Nettles died of cancer in 1985. For a while, Applewhite lost his fervor but after a period of mourning continued to proselytize. On March 26, 1997, the dead bodies of Applewhite and 38 others were found inside a rented mansion in San Diego area, California. He and his followers engaged in a mass suicide because Applewhite believed and convinced them that the approaching Hale-Bopp comet was delivering a spaceship for them to escape to the ‘Next Level’ before the Earth was recycled.
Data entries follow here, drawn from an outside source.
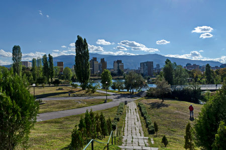 Autumn panorama of part of the neighborhood by the lake with green trees, shrubs and sunburned grass, Drujba, Sofia, Bulgaria
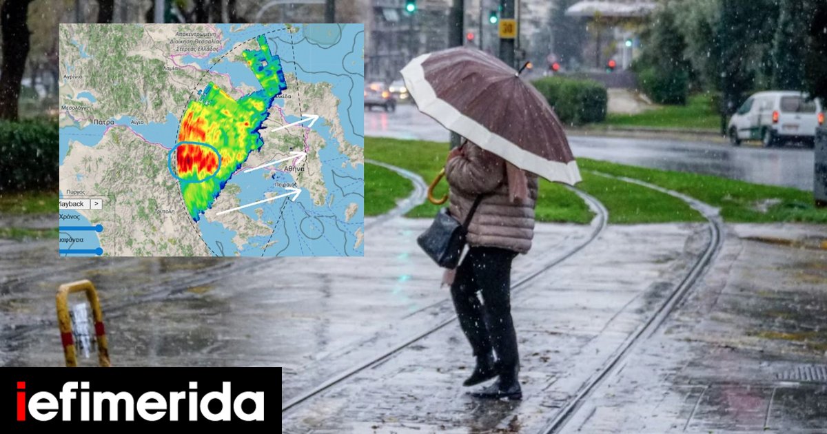 Όπως φαίνεται και από το Doppler X-band, το Μετεωρολογικό Ραντάρ διπλής πόλωσης, που παρέχει χάρτες βροχόπτωσης με υψηλή χωροχρονική ανάλυση (από το Εθνικό Αστεροσκοπείο Αθηνών), η σχεδόν ανατολική κίνηση του “συστήματος” θα φέρει τα φαινόμενα και στην Αττική.
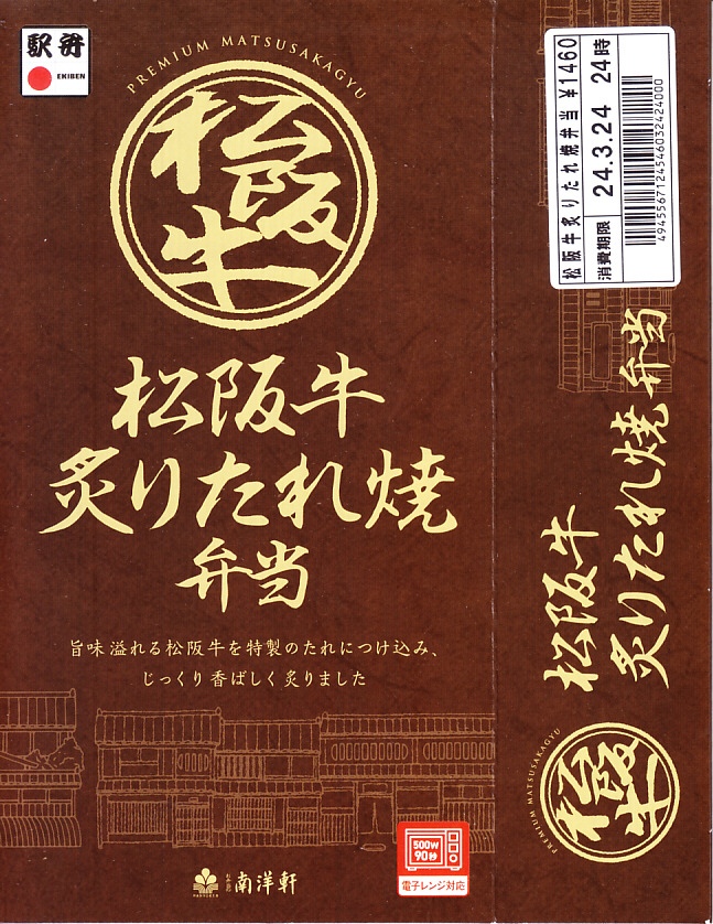 2022(令和4)年の2月までに、スーパーの駅弁催事などで発売か。長方形のプラ容器に白飯を詰め、松阪牛炙りたれ焼と商品名に書いてある牛肉で覆い、ナムルを添える。三重県松阪の牛肉で滋賀県草津の駅弁屋が弁当を作り、京都や大阪あるいは全国で販売することに違和感を覚えてはいけない、駅弁の今風な一形態。価格は2022年時点で1,340円、2023年時点で1,460円、2025年時点で1,540円。
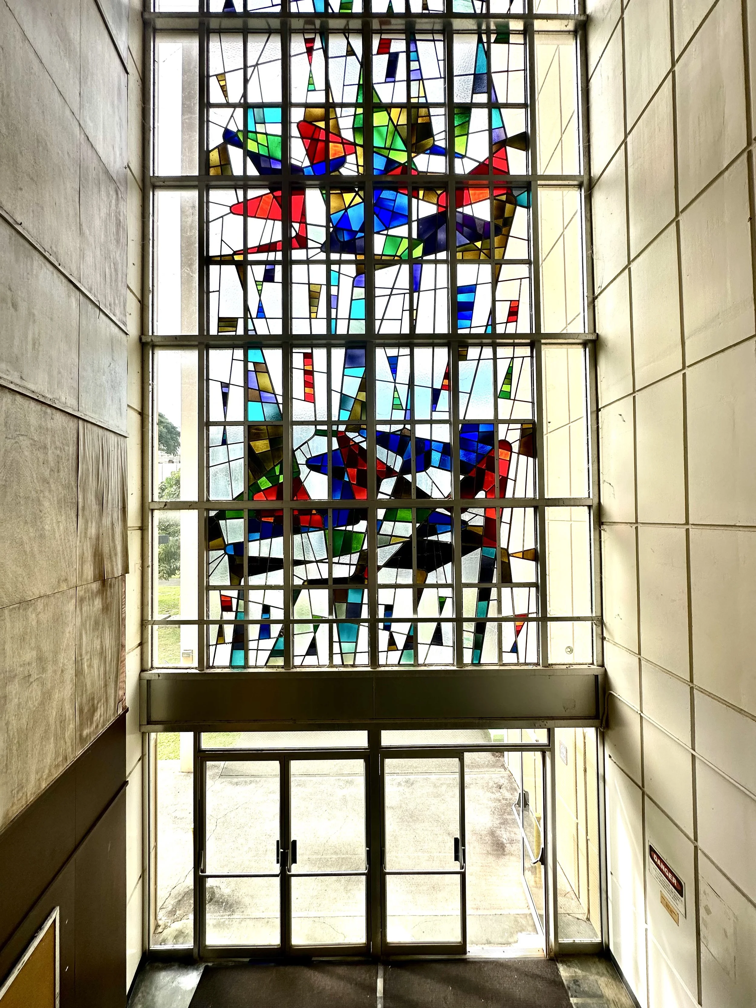 The 4-story Keller Hall designed by Clifford F. Young in 1959 is currently home to the Department of Mathematics. The building boasts some very unique stained glass windows by artist and one time University of Hawaii art professor Murray Turnbull.
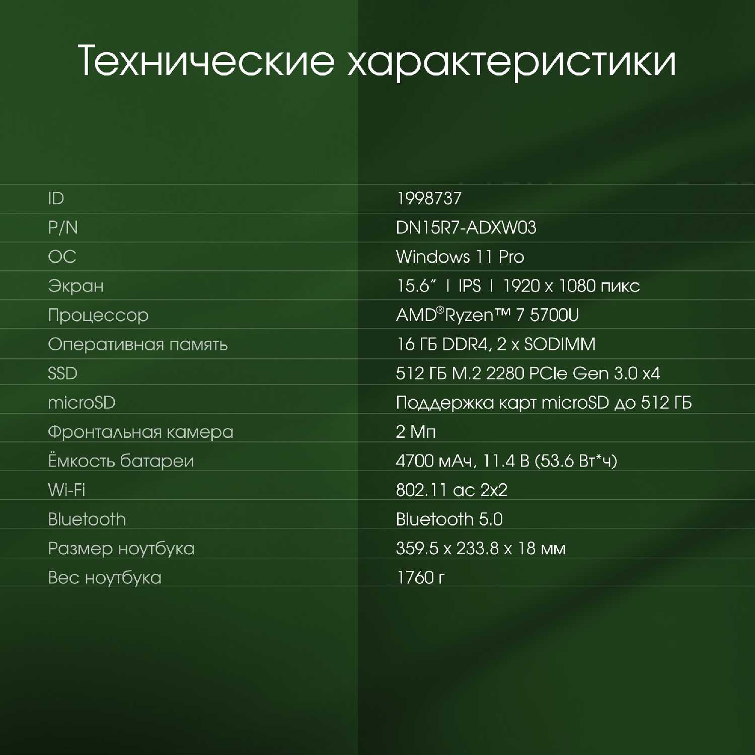 Отзывы о Ноутбук Digma Pro Sprint N (DN15R7-ADXW03) 15.6" FHD/Ryzen 7 5700U/16Gb/SSD 512Gb/AMD Radeon/Win11P
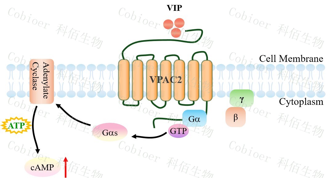 VPAC2 CHO 細(xì)胞藥靶模型很好的模擬了體內(nèi) VPAC2 的信號轉(zhuǎn)導(dǎo)過程,原理見下圖 所示。
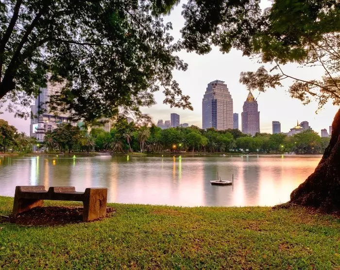 Efter at have vandret Bangkok tynd i den tropiske varme og støjende trafik, vil der sikkert være stunder, hvor du drømmer dig til grønnere og roligere steder. Her kan du passende besøge parkerne Lumpini eller Benjakiti. Du kan også vælge at bevæge dig over på den vestlige side af floden, hvor du vil opleve en helt anden verden uden skyskrabere og dyttende tuktuk’er. Her vil du møde det traditionelle Bangkok og en labyrint af kanaler, hvor huse står på pæle og postbude kommer sejlende.
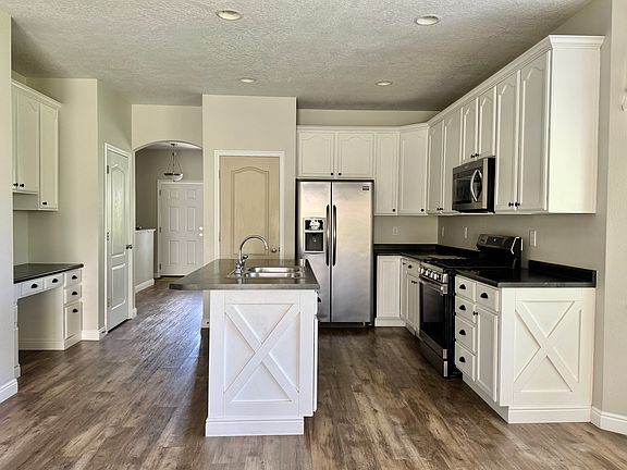 Outside you'll find a large front porch and backyard patio to relax on. Garage is extra deep and wide for plenty of storage/large vehicles and features built in lockers. Well cared for yard includes garden, trellis, fruit trees and berry bushes including: apple, peach, cherry, grapes, raspberries, strawberries, elderberry, goji berry and herbs. Large greenhouse has power and water. Insulated garage door and smart garage opener with camera. Also, third car drive for extra parking and custom smart holiday lighting for your favorite holidays and games. Don't forget the miles and miles of mountain biking and hiking trails just a few hundred yards away. Beautiful parks a short walk as well.
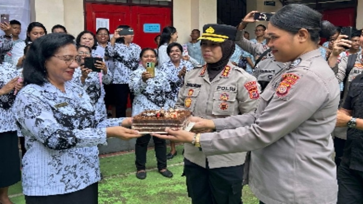 KalbarOke.com – Dalam rangka memperingati Hari Ulang Tahun (HUT) ke-80 Guru Nasional tahun 2025 bertema Guru Hebat, Indonesia Kuat, Polda Maluku menggelar aksi apresiasi besar-besaran berupa surprise ucapan selamat, pemberian kue ulang tahun, dan tumpeng di 177 sekolah mulai dari TK, SD, SMP, SMA/SMK hingga madrasah di seluruh wilayah hukum Polda Maluku, Selasa (25/11/2025).
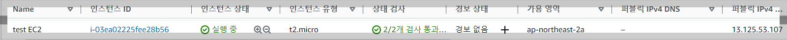 수 분을 기다려주시면 성공적으로 EC2 인스턴스가 실행중인 상태를 확인하실 수 있습니다.
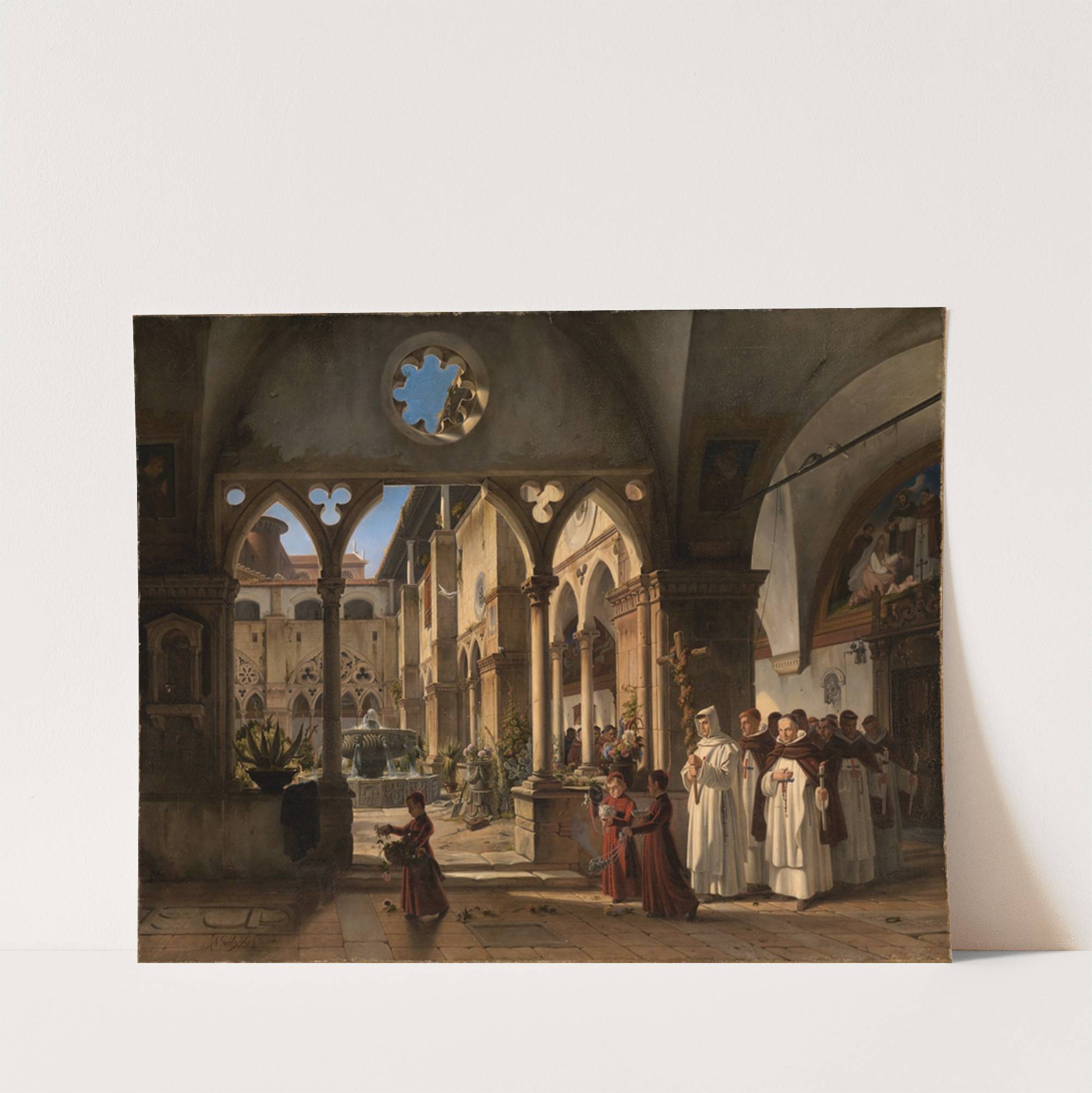 Klosterhof mit Prozession von Trinitariermönchen by Wilhelm Gail - Wall Art Print
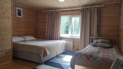 - 1 трехместный домик с двуспальной и односпальной кроватями.
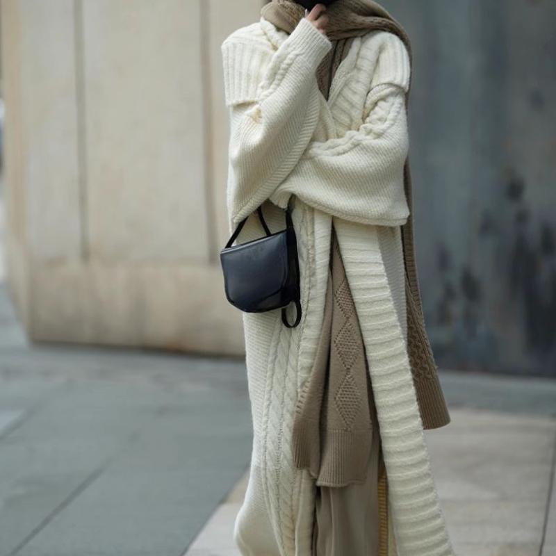Длинный вязаный кардиган, женский элегантный свободный женский свитер с лацканами и длинными рукавами, пальто 2024, весенняя уличная женская верхняя одежда — купить товар онлайн с бесплатной доставкой по всему миру!

Psychologist Dr. Sheldon Litt speculated (in Positive Health Magazine, September 1997) on Applewhite’s motives for carrying out this form of charismatic leadership. He clarified that he had never met Applewhite or any of the members, but he theorized that the leader’s feelings of inadequacy and his struggles with his own sexuality were motivating factors. Dr. Litt conjectures that Applewhite grew up in a strict, religious family headed by his pastor father. Evidence that Applewhite may have been confused about his sexuality comes from reports of him becoming sexually involved with both a male and then a female student while serving as a music professor. Thus, Dr. Little says, Applewhite may have been motivated to end his own inner, sexual confusion by becoming asexual; and he may have been motivated to have his own group of believers so that he could finally feel like he measured up to his father. Dr. Litt wrote, “But the sexually confused son would prove to the world and to his father that he is a better man, and a superior saviour of souls — he rounds up a bunch of followers, de-sexes them, castrates some, and proving to himself that he is far better than Dad, he leads them more directly, quickly, to the World Above (that’ll show the old man!)”.